Photo: Jasleen Kaur via Flickr

Photo: Jasleen Kaur via Flickr

Adults age 60 and older often struggle to keep their blood pressure in check. Revised guidelines from two leading medical groups may make it a little easier, but not without drawing fire from other health professionals.

Critics argue that the new target for adults over age 60 is too high, and delayed treatment could put more people at risk.

The American College of Physicians and the American Academy of Family Physicians now say a systolic pressure (the top number) below 150 mm Hg, is an appropriate target for healthy older adults. While those with a history of stroke or heart attack should maintain systolic pressure below 140, researchers said those in the 140-150 range may not necessarily need treatment. The groups argue that potential harms outweigh the potential benefits of additional treatment, CNN reported. That could mean thousands of patients stop or reduce their blood pressure medication.

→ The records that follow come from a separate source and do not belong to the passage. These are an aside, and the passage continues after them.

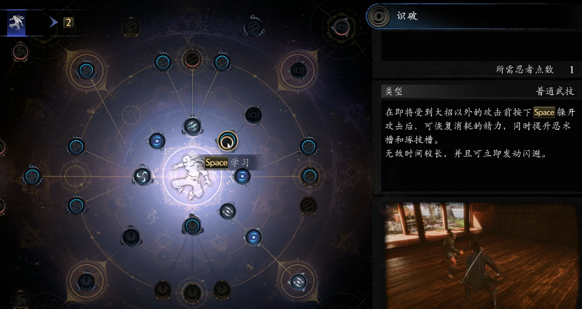 角色成长以技能解锁为核心驱动。所有技能需通过剧情任务、宝箱拾取或击败特定敌人获取的技能书/指南书激活。忍者流派必须优先习得「识破」技能——该技能不仅提供精准帧判定闪避,成功触发后还将叠加攻击力提升与硬直削减效果,是应对高难度战斗的关键机制。其余技能槽位可依实战需求侧重强化防御韧性(如格挡耐力增幅)或输出循环(如连击伤害加成)。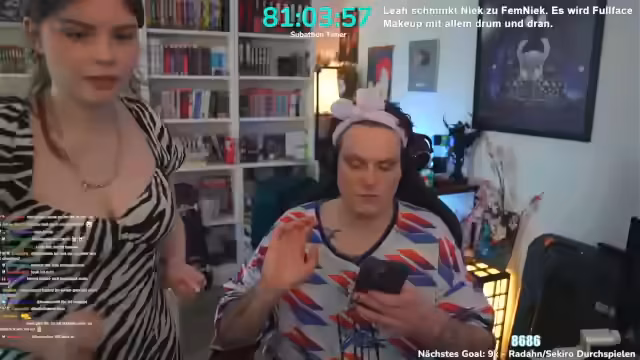 03:04:44Eine zentrale Aktivität im Stream sind Telefonate mit Freunden und Influencern wie Kroko, Firestar und Philo. Die Anrufer werden von der femininen Erscheinung überrascht und spielen mit der Rolle. Der Streamer ruft auch seine Mutter an, die die Verwandlung als süß bezeichnet. Zwischen den Anrufen interagiert er intensiv mit dem Chat, beantwortet Fragen und diskutiert das aufwendige Make-up, das etwa 1,5 Stunden in Anspruch genommen hat.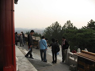 | 故宮博物院見学後、珍宝館・時計館・養心殿・景山公園の4つのコースに別れて見学しました。写真は景山公園の様子です。故宮博物院の全体を見渡すことができます。 | ![]() |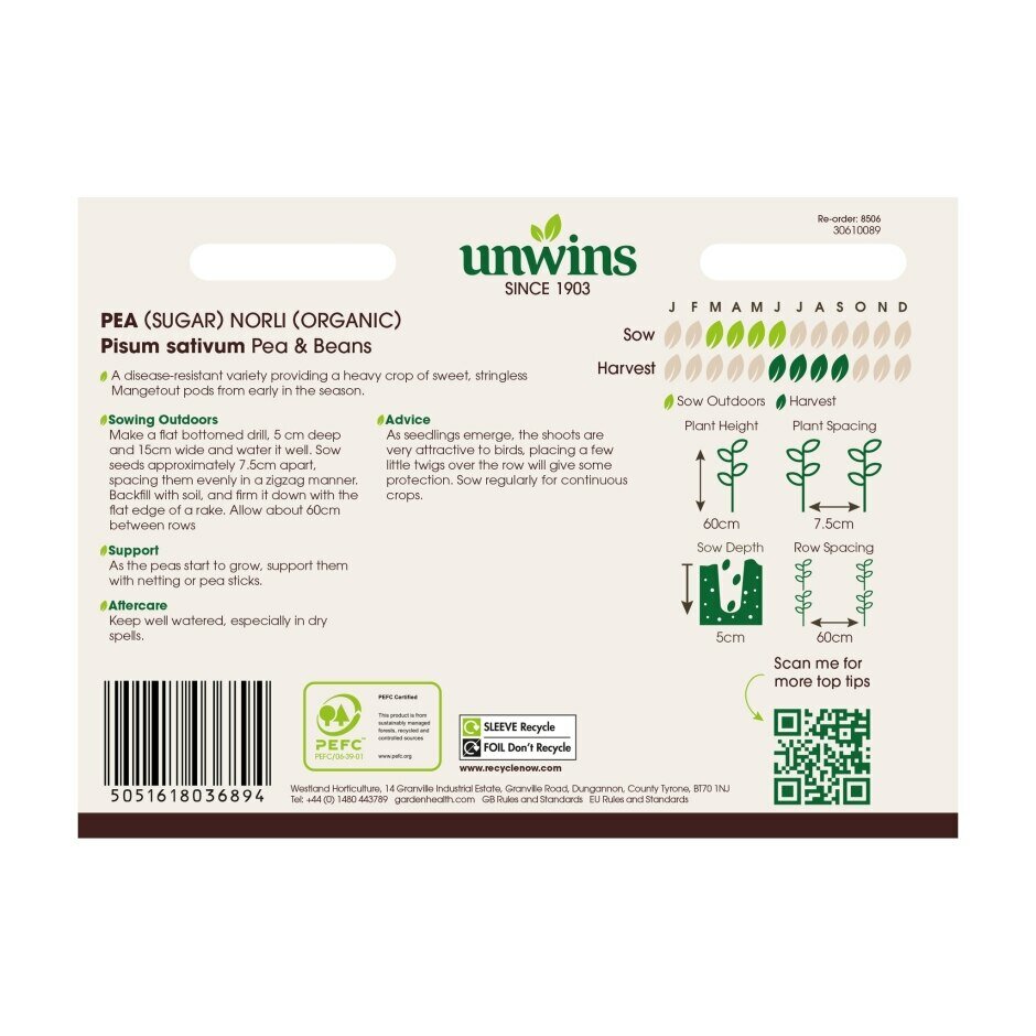 Unwins Organic Sugar Pea Norli are deliciously sweet with flat pods. A stringless mangetout that you'll get early in the season.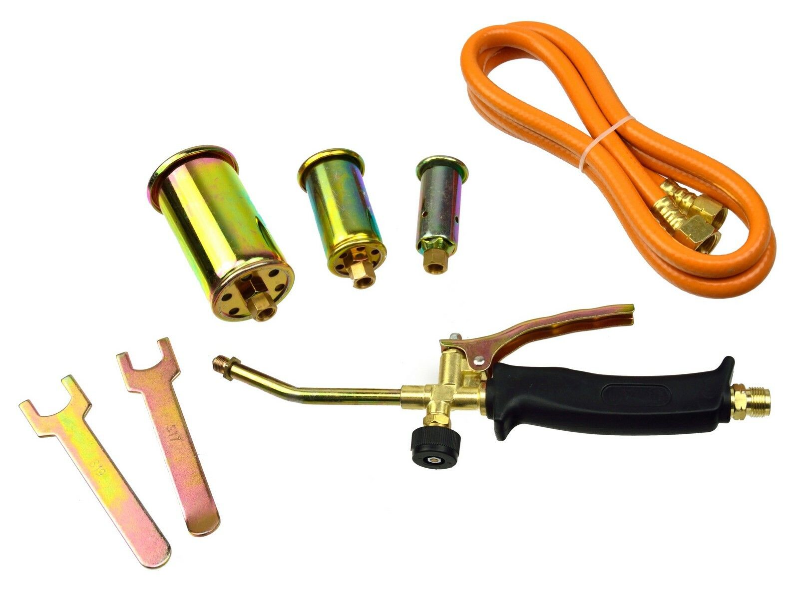 Profesionální plynový hořák pro ohřev a spalování v sadě se 3 tryskami.

The guidelines are based on a recent multi-study review, which concluded:

“Treatment to at least current guideline standards for BP (<150/90 mm Hg) substantially improves health outcomes in older adults. There is less consistent evidence, largely from 1 trial targeting SBP [systolic blood pressure] less than 120 mm Hg, that lower BP targets are beneficial for high-risk patients. Lower BP targets did not increase falls or cognitive decline but are associated with hypotension, syncope, and greater medication burden.”

One in three American adults has high blood pressure, which until now, was considered 140/90 millimeters of mercury or higher, according to the American Heart Association (AHA). Among U.S. adults age 60 and older, 65 percent have hypertension, “and only about half (52.5 percent) have controlled blood pressure levels,” as this Medscape article noted. High-risk individuals include those with diabetes, vascular disease, metabolic syndrome, or chronic kidney disease, as well as older adults. Left untreated, hypertension can lead to heart attacks, stroke, kidney failure and death. However, some medications, such as ACE Inhibitors, calcium channel blockers, diuretics and other compounds, can have serious side effects, including fainting or abnormal kidney function.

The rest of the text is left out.